Turkish B-movie “The Ottoman Lieutenant,” veteran director Joseph Ruben’s third directorial credit this century, is impure bunkum, a jumbled gloss of romance-novel grade set at the onset of the Turkish Armenian genocide. Josh Hartnett plays Jude, an American doctor dispatched to the Ottoman Empire right before World War I. Lillie (Hera Hilmar, “Da Vinci’s Demons”) is the Philadelphia nurse and archetypal historical romance-headstrong young woman who loves him So Very Much. But maybe not that much: Lillie also falls for Ismail, a lieutenant in the Ottoman Imperial Army (Michiel Huisman, “Game of Thrones”) which allows the element of a Christian in love with a Muslim to be introduced with little conflict. (“Were Adam and Eve Muslim? Were they Christian? They shared the same God!” is as deep as it gets.)

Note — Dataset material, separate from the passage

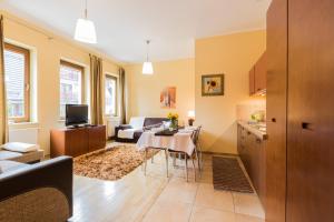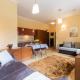 Accommodation comprises an elegant ground floor studio with a fully equipped kitchenette including a refrigerator, stovetop, microwave, electric kettle, kitchenware and dining table. The second-floor apartment features a balcony along with similar kitchenette facilities. Rooms provide heating, seating areas including sofa beds, non-feather pillows, towels and bed linen. Each unit comes with ironing facilities such as an iron and ironing board plus safety deposit boxes for added security.

Can the motions of Lillie’s love stand the Turkish point-of-view on the deaths of thousands and thousands? Can her love stand the two-hour feature treatment? Why doesn’t the story go where the drama is, along the escape routes of Armenians fleeing imminent death? That great drama, that great tragedy, is elided. As directed by veteran Ruben (“Sleeping With the Enemy,” 1991; “The Stepfather,” 1987), vistas, mounts and sunsets are displayed with fluency and standard beauty, and the battle scenes are proficiently edited. Hats and horses abound. An unlikely quote credited to Ruben in the press kit: ““It’s the kind of movie that people don’t make anymore. It’s a love story, or more precisely, a love triangle, told against the backdrop of a major cataclysmic world event in Turkey at the onset of World War I. I knew that putting those big images on the screen would be really exciting.” Sir Ben Kingsley, also a warning sign these recent years, runs Jude’s Anatolian medical mission. With Haluk Bilginer, Selçuk Yöntem. 110m. Widescreen. (Ray Pride)
“The Ottoman Lieutenant” opens Friday, March 10 at Landmark Century and other theaters.